* What to do:
Return the following from the records below: each line, word for word, starting with the line that contains "Tea light /" and going on through the line that contains "TOYOTA PREMIO 1.8X EX PACKAGE - лот 20087", with nothing outside that range.

* Extracted data:
⁂

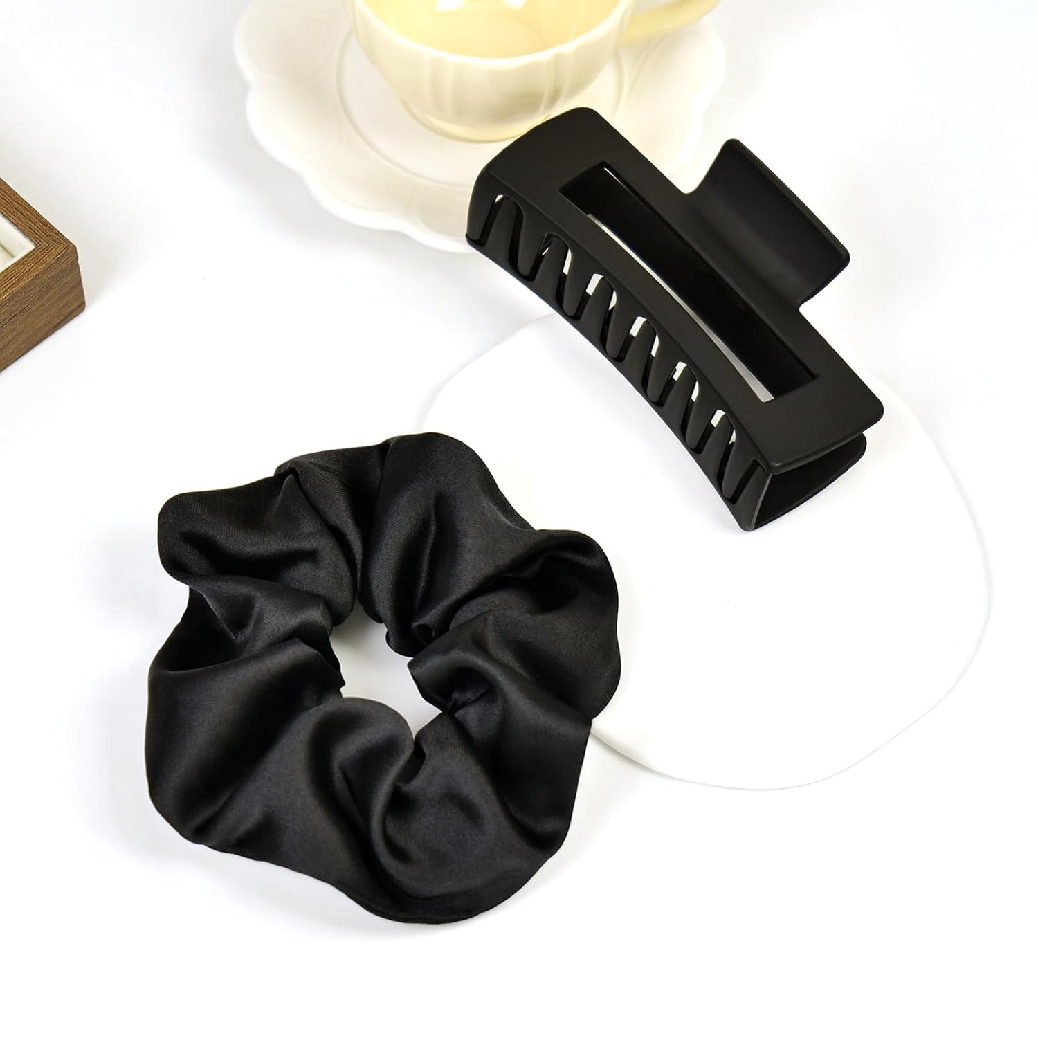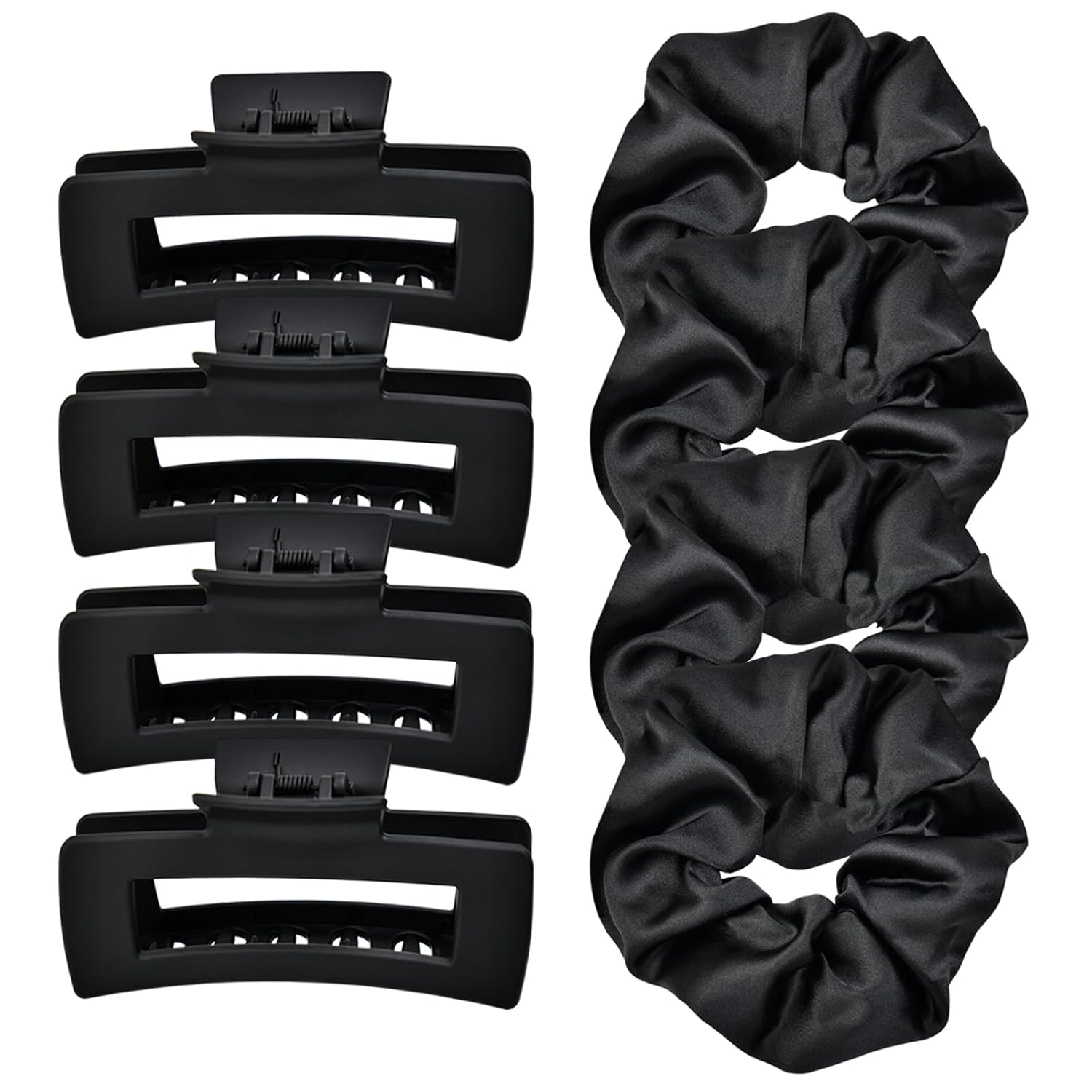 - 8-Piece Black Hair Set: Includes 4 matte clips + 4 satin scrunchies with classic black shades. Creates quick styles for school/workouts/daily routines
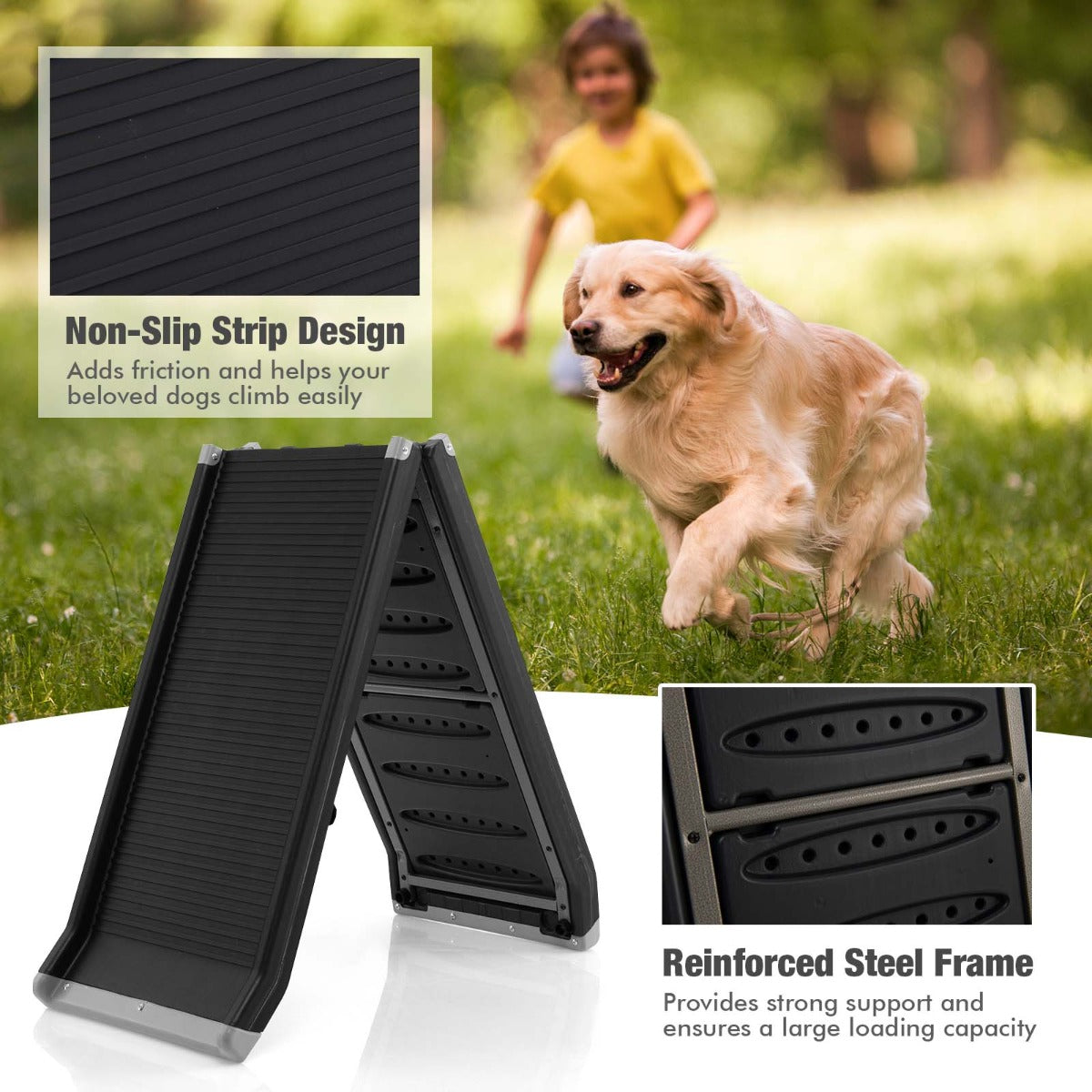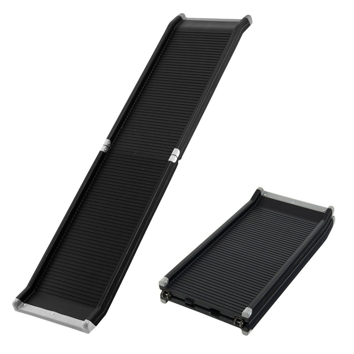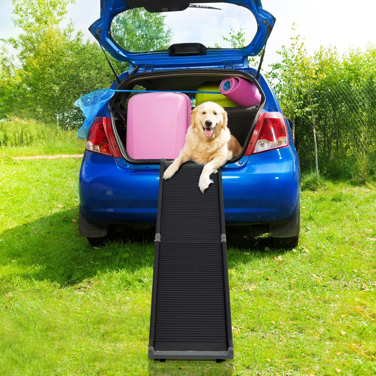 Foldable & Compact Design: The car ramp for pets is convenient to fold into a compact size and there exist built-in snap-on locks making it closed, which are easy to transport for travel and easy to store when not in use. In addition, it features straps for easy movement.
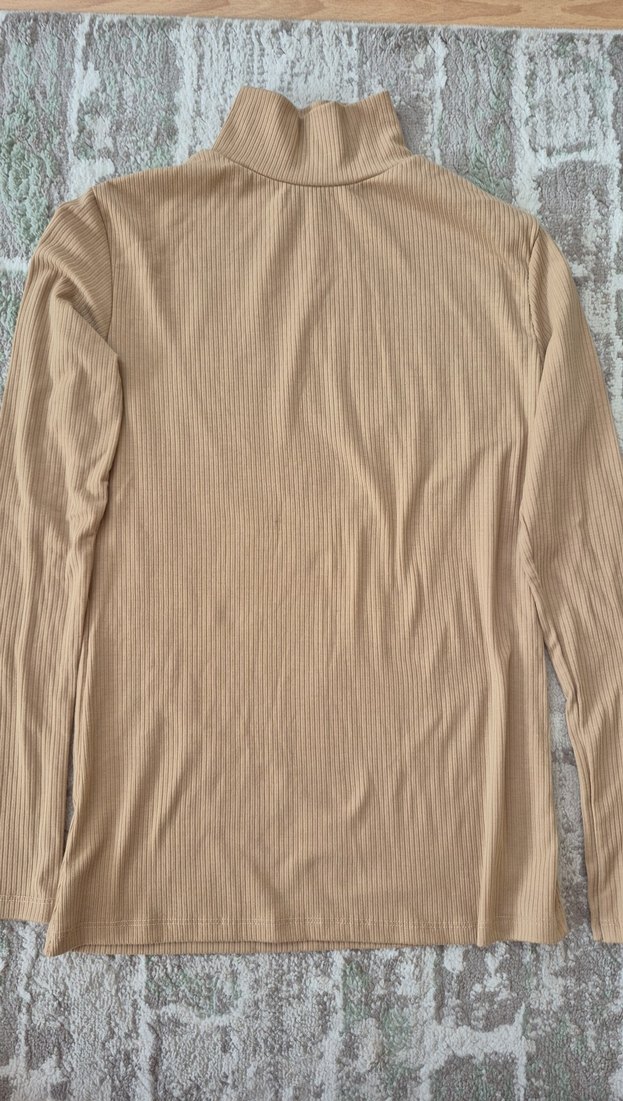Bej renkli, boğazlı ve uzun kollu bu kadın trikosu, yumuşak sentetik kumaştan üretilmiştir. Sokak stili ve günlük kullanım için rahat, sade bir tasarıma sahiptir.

⁂

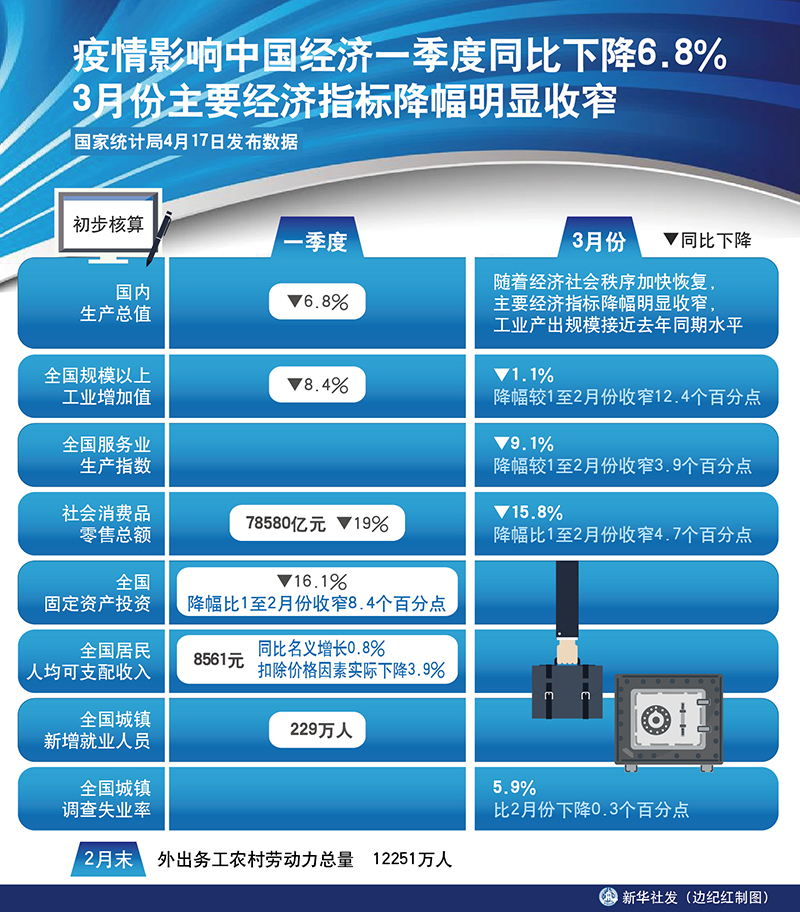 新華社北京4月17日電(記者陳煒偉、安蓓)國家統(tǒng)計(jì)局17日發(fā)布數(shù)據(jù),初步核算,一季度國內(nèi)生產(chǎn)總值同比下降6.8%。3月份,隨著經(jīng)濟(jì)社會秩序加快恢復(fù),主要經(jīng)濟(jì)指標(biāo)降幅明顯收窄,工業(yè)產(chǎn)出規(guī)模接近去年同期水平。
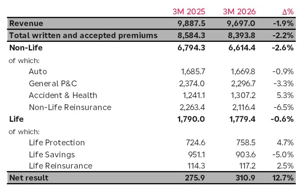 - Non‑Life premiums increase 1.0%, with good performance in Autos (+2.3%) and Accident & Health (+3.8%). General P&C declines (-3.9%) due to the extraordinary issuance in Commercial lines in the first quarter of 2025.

⁂

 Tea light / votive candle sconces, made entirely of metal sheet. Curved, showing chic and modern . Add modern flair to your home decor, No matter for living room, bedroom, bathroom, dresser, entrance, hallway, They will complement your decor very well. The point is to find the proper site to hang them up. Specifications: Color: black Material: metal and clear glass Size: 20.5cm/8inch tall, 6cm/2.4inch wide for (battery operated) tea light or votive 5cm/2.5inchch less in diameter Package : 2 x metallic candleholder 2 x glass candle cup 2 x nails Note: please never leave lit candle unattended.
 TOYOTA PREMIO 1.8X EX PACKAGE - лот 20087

⁂

* Your response:
 Tea light / votive candle sconces, made entirely of metal sheet. Curved, showing chic and modern . Add modern flair to your home decor, No matter for living room, bedroom, bathroom, dresser, entrance, hallway, They will complement your decor very well. The point is to find the proper site to hang them up. Specifications: Color: black Material: metal and clear glass Size: 20.5cm/8inch tall, 6cm/2.4inch wide for (battery operated) tea light or votive 5cm/2.5inchch less in diameter Package : 2 x metallic candleholder 2 x glass candle cup 2 x nails Note: please never leave lit candle unattended.
 TOYOTA PREMIO 1.8X EX PACKAGE - лот 20087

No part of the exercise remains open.